**** Information shown

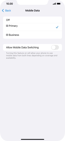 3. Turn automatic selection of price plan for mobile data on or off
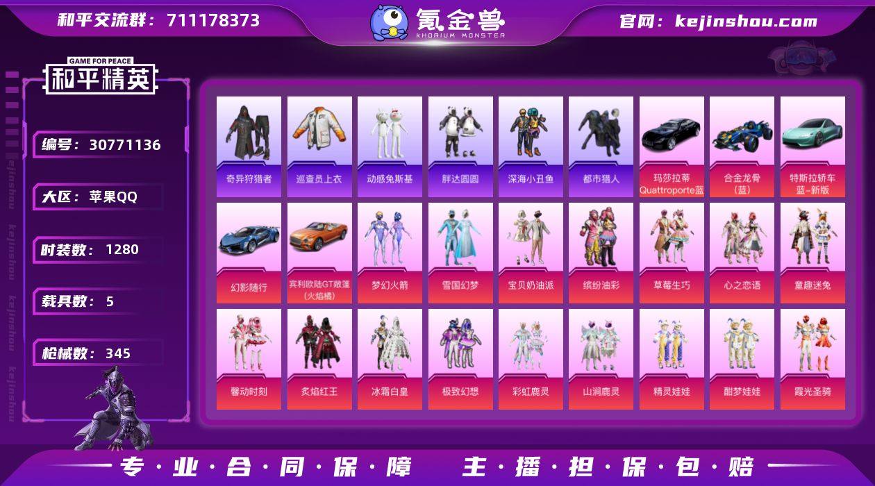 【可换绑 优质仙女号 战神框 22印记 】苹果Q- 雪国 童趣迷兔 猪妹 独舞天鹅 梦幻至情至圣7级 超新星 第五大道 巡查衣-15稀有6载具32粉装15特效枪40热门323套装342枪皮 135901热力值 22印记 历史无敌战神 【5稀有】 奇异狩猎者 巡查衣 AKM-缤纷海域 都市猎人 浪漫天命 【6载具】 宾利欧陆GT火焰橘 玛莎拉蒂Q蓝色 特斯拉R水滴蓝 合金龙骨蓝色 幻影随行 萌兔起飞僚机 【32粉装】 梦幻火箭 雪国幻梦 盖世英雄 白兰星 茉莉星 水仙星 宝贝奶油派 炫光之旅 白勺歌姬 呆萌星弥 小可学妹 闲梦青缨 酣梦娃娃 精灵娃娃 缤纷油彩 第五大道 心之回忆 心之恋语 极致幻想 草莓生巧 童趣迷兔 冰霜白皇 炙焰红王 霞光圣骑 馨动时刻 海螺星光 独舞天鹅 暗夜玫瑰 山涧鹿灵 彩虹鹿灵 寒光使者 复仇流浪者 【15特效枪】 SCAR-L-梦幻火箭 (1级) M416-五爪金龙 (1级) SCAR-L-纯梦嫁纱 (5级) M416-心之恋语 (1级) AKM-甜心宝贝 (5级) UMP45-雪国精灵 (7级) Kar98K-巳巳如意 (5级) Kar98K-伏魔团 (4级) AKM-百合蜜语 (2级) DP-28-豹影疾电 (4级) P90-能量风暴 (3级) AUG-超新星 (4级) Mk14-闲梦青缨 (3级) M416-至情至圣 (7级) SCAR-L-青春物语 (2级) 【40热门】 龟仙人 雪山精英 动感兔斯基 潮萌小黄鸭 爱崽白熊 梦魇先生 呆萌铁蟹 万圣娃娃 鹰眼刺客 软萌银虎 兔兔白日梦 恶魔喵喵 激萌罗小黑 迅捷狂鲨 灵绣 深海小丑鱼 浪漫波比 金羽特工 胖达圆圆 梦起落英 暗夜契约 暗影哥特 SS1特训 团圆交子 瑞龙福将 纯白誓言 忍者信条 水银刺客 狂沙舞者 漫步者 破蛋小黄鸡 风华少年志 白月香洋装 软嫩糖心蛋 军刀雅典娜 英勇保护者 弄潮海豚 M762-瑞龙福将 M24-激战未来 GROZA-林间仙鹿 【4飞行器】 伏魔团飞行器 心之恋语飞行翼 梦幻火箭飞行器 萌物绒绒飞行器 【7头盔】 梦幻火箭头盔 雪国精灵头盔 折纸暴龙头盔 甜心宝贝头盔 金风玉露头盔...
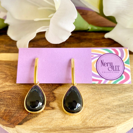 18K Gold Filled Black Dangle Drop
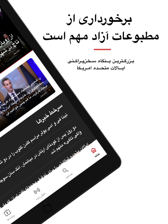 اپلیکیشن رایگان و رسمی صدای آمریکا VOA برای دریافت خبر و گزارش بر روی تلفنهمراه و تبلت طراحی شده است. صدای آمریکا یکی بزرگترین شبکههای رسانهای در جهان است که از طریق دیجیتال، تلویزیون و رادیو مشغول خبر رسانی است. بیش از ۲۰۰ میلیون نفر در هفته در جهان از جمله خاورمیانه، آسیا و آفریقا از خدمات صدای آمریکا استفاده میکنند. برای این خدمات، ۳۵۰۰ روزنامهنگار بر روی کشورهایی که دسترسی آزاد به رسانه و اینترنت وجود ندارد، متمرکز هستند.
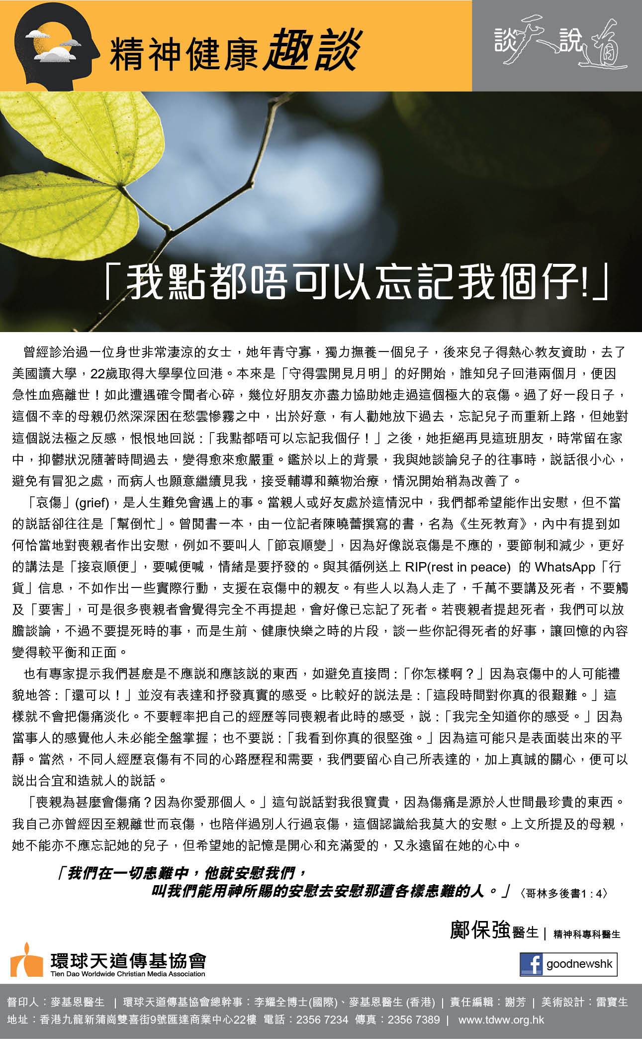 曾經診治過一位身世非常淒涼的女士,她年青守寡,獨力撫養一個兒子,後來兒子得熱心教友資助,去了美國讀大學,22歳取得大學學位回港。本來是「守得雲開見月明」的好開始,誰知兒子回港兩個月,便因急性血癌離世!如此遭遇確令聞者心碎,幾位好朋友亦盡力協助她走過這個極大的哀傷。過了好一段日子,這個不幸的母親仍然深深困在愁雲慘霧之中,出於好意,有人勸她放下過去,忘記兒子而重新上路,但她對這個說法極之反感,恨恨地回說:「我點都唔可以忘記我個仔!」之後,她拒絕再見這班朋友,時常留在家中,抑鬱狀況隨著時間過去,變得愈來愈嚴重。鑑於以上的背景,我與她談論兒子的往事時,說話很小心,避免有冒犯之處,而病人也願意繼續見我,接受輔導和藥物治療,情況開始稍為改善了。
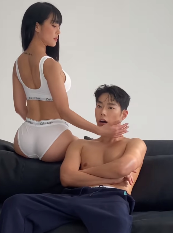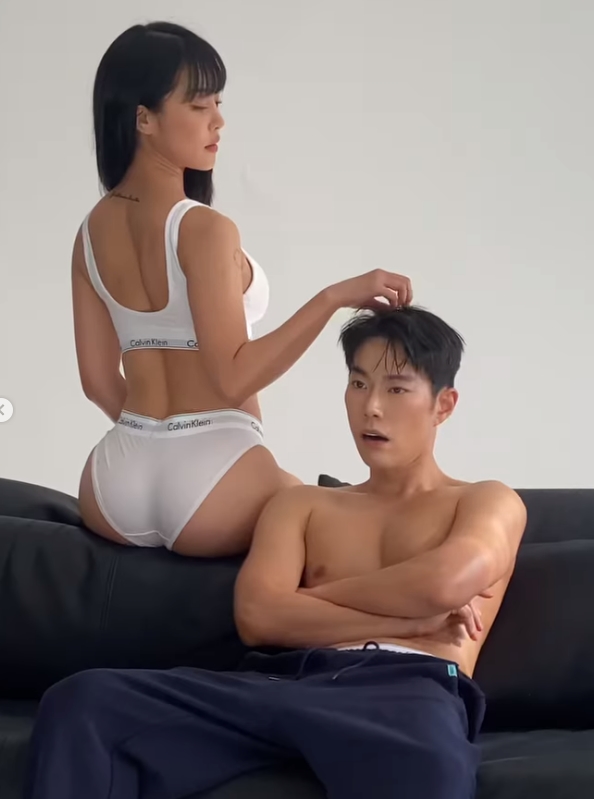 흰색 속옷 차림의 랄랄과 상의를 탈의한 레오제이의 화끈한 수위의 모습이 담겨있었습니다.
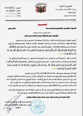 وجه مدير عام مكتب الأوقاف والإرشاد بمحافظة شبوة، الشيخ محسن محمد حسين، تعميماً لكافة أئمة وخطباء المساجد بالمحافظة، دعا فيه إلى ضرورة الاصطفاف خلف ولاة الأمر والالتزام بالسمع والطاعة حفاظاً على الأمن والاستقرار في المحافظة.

********
**** Information shown

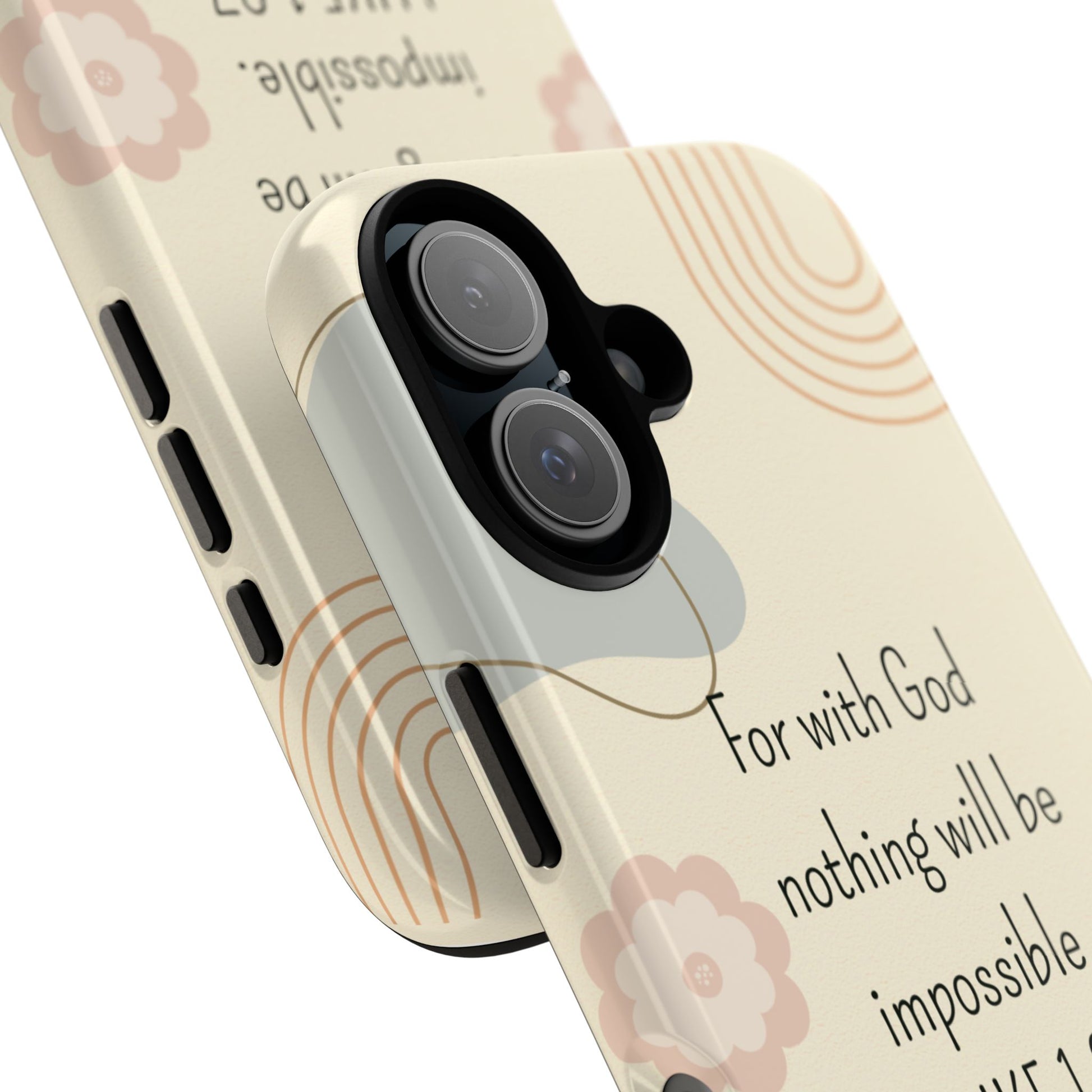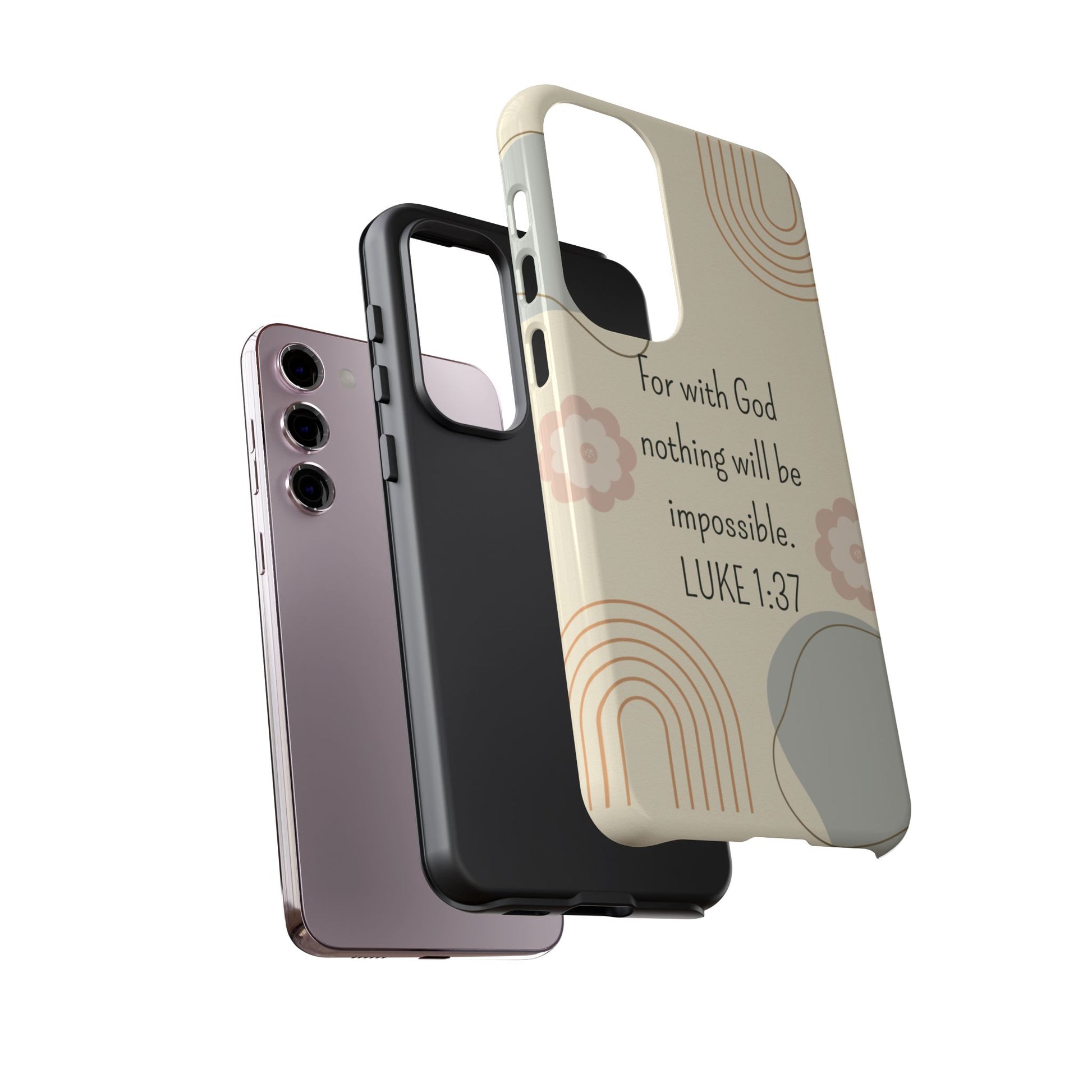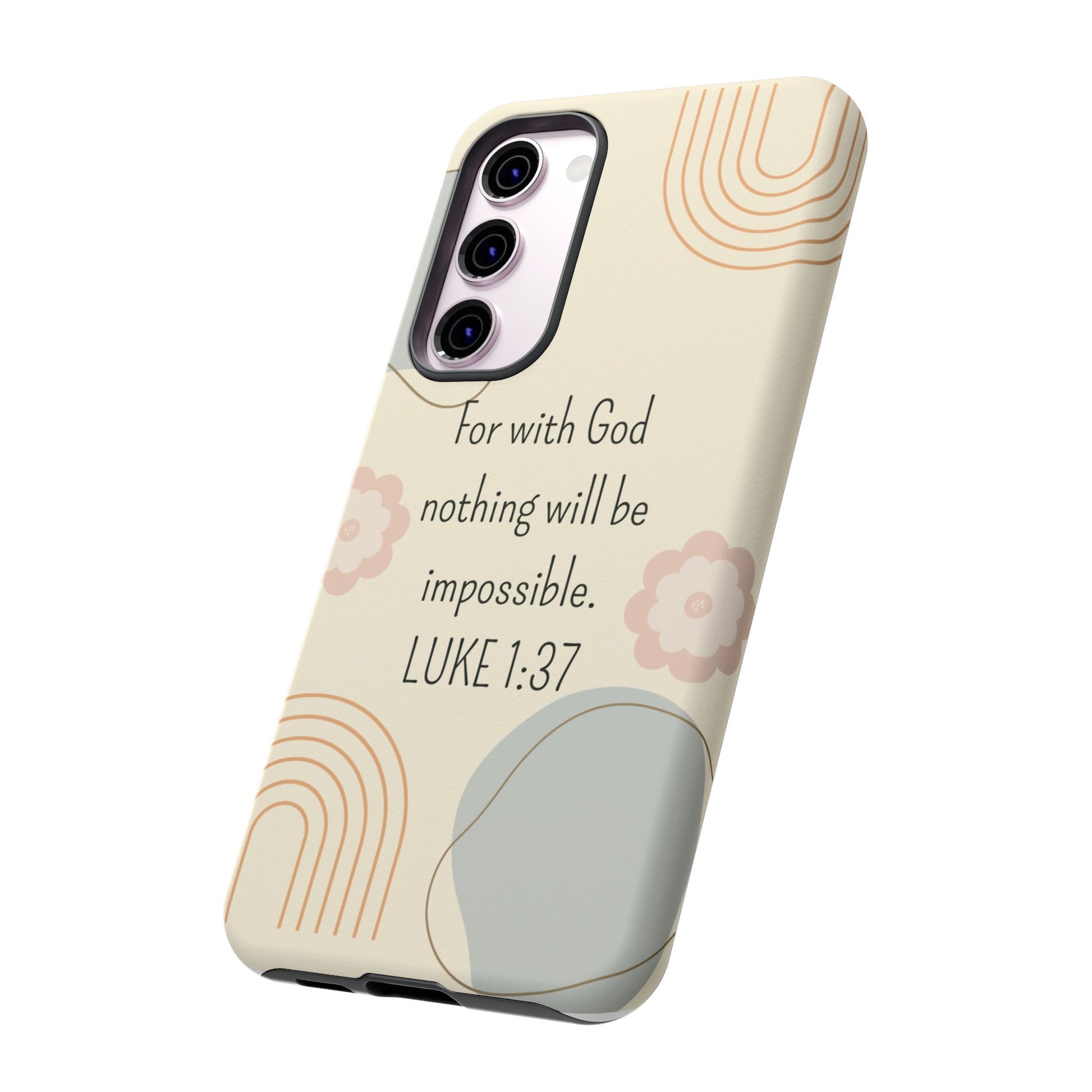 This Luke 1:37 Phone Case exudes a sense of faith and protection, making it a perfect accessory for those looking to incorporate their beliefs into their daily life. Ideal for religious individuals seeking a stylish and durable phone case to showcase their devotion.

********

## Task requirements
Repeat only the stretch of data above that runs from the line with "3. Turn automatic" to the line with "وجه مدير عام". Keep both end lines; exclude pictures.

## The answer
 3. Turn automatic selection of price plan for mobile data on or off
 【可换绑 优质仙女号 战神框 22印记 】苹果Q- 雪国 童趣迷兔 猪妹 独舞天鹅 梦幻至情至圣7级 超新星 第五大道 巡查衣-15稀有6载具32粉装15特效枪40热门323套装342枪皮 135901热力值 22印记 历史无敌战神 【5稀有】 奇异狩猎者 巡查衣 AKM-缤纷海域 都市猎人 浪漫天命 【6载具】 宾利欧陆GT火焰橘 玛莎拉蒂Q蓝色 特斯拉R水滴蓝 合金龙骨蓝色 幻影随行 萌兔起飞僚机 【32粉装】 梦幻火箭 雪国幻梦 盖世英雄 白兰星 茉莉星 水仙星 宝贝奶油派 炫光之旅 白勺歌姬 呆萌星弥 小可学妹 闲梦青缨 酣梦娃娃 精灵娃娃 缤纷油彩 第五大道 心之回忆 心之恋语 极致幻想 草莓生巧 童趣迷兔 冰霜白皇 炙焰红王 霞光圣骑 馨动时刻 海螺星光 独舞天鹅 暗夜玫瑰 山涧鹿灵 彩虹鹿灵 寒光使者 复仇流浪者 【15特效枪】 SCAR-L-梦幻火箭 (1级) M416-五爪金龙 (1级) SCAR-L-纯梦嫁纱 (5级) M416-心之恋语 (1级) AKM-甜心宝贝 (5级) UMP45-雪国精灵 (7级) Kar98K-巳巳如意 (5级) Kar98K-伏魔团 (4级) AKM-百合蜜语 (2级) DP-28-豹影疾电 (4级) P90-能量风暴 (3级) AUG-超新星 (4级) Mk14-闲梦青缨 (3级) M416-至情至圣 (7级) SCAR-L-青春物语 (2级) 【40热门】 龟仙人 雪山精英 动感兔斯基 潮萌小黄鸭 爱崽白熊 梦魇先生 呆萌铁蟹 万圣娃娃 鹰眼刺客 软萌银虎 兔兔白日梦 恶魔喵喵 激萌罗小黑 迅捷狂鲨 灵绣 深海小丑鱼 浪漫波比 金羽特工 胖达圆圆 梦起落英 暗夜契约 暗影哥特 SS1特训 团圆交子 瑞龙福将 纯白誓言 忍者信条 水银刺客 狂沙舞者 漫步者 破蛋小黄鸡 风华少年志 白月香洋装 软嫩糖心蛋 军刀雅典娜 英勇保护者 弄潮海豚 M762-瑞龙福将 M24-激战未来 GROZA-林间仙鹿 【4飞行器】 伏魔团飞行器 心之恋语飞行翼 梦幻火箭飞行器 萌物绒绒飞行器 【7头盔】 梦幻火箭头盔 雪国精灵头盔 折纸暴龙头盔 甜心宝贝头盔 金风玉露头盔...
 18K Gold Filled Black Dangle Drop
 اپلیکیشن رایگان و رسمی صدای آمریکا VOA برای دریافت خبر و گزارش بر روی تلفنهمراه و تبلت طراحی شده است. صدای آمریکا یکی بزرگترین شبکههای رسانهای در جهان است که از طریق دیجیتال، تلویزیون و رادیو مشغول خبر رسانی است. بیش از ۲۰۰ میلیون نفر در هفته در جهان از جمله خاورمیانه، آسیا و آفریقا از خدمات صدای آمریکا استفاده میکنند. برای این خدمات، ۳۵۰۰ روزنامهنگار بر روی کشورهایی که دسترسی آزاد به رسانه و اینترنت وجود ندارد، متمرکز هستند.
 曾經診治過一位身世非常淒涼的女士,她年青守寡,獨力撫養一個兒子,後來兒子得熱心教友資助,去了美國讀大學,22歳取得大學學位回港。本來是「守得雲開見月明」的好開始,誰知兒子回港兩個月,便因急性血癌離世!如此遭遇確令聞者心碎,幾位好朋友亦盡力協助她走過這個極大的哀傷。過了好一段日子,這個不幸的母親仍然深深困在愁雲慘霧之中,出於好意,有人勸她放下過去,忘記兒子而重新上路,但她對這個說法極之反感,恨恨地回說:「我點都唔可以忘記我個仔!」之後,她拒絕再見這班朋友,時常留在家中,抑鬱狀況隨著時間過去,變得愈來愈嚴重。鑑於以上的背景,我與她談論兒子的往事時,說話很小心,避免有冒犯之處,而病人也願意繼續見我,接受輔導和藥物治療,情況開始稍為改善了。
 흰색 속옷 차림의 랄랄과 상의를 탈의한 레오제이의 화끈한 수위의 모습이 담겨있었습니다.
 وجه مدير عام مكتب الأوقاف والإرشاد بمحافظة شبوة، الشيخ محسن محمد حسين، تعميماً لكافة أئمة وخطباء المساجد بالمحافظة، دعا فيه إلى ضرورة الاصطفاف خلف ولاة الأمر والالتزام بالسمع والطاعة حفاظاً على الأمن والاستقرار في المحافظة.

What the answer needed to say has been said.